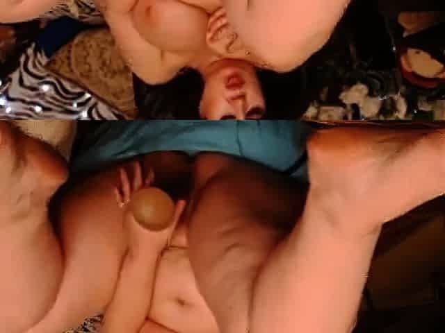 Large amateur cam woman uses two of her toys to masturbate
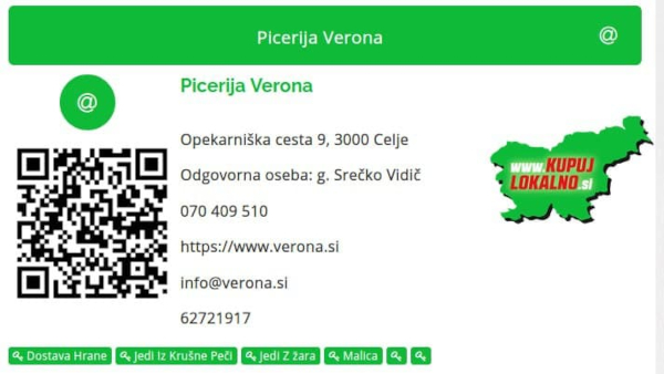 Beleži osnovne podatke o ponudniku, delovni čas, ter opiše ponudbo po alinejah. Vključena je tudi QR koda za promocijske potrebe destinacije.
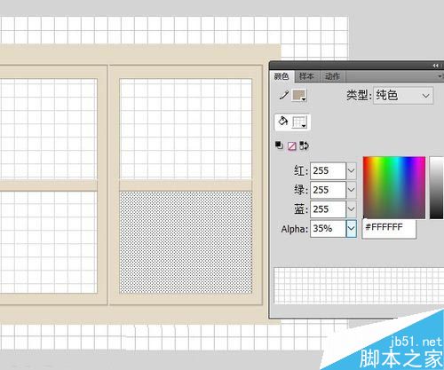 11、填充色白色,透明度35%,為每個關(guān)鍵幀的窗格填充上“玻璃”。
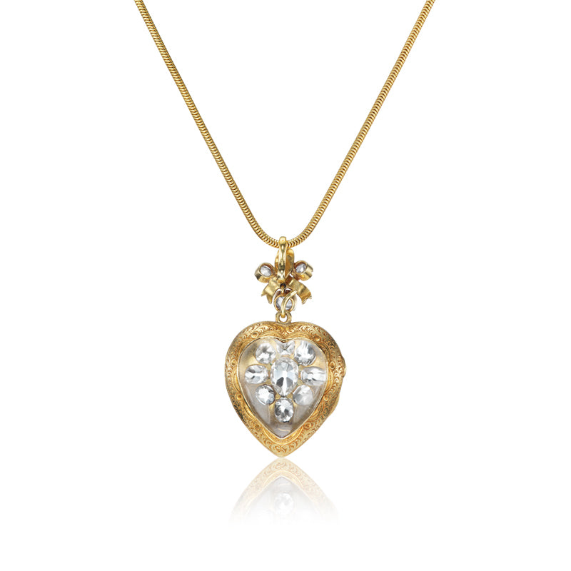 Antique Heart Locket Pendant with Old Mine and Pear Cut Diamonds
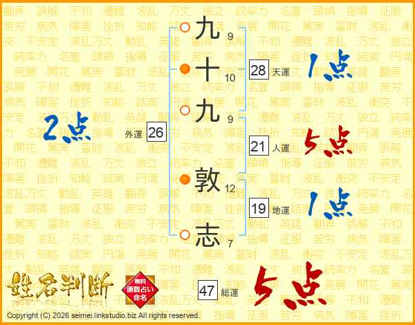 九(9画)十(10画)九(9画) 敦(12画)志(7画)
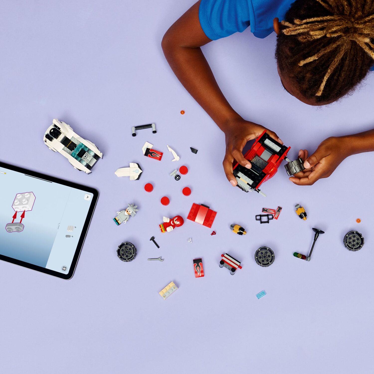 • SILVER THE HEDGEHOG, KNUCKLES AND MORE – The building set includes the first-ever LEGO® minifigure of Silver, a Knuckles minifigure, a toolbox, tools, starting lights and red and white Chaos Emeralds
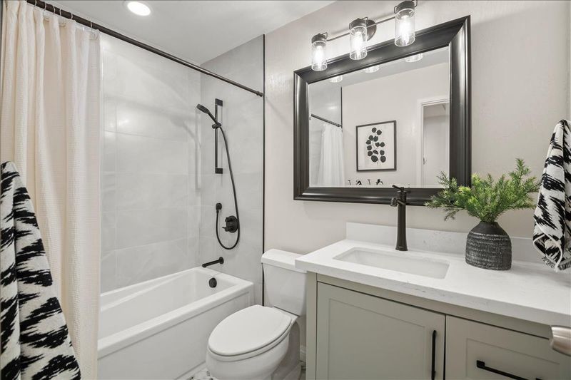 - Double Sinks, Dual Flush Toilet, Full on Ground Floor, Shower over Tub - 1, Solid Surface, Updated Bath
^^^^^^^^^^^^^^^^
#### Exercise prompt:
All that belongs in the answer is the lines from the line with "九(9画)十(10画)九(9画) 敦(12画)志(7画)" through the closing line of the entries, inclusive, transcribed exactly and free of pictures.

#### Answer to the exercise:
 九(9画)十(10画)九(9画) 敦(12画)志(7画)
 • SILVER THE HEDGEHOG, KNUCKLES AND MORE – The building set includes the first-ever LEGO® minifigure of Silver, a Knuckles minifigure, a toolbox, tools, starting lights and red and white Chaos Emeralds
 - Double Sinks, Dual Flush Toilet, Full on Ground Floor, Shower over Tub - 1, Solid Surface, Updated Bath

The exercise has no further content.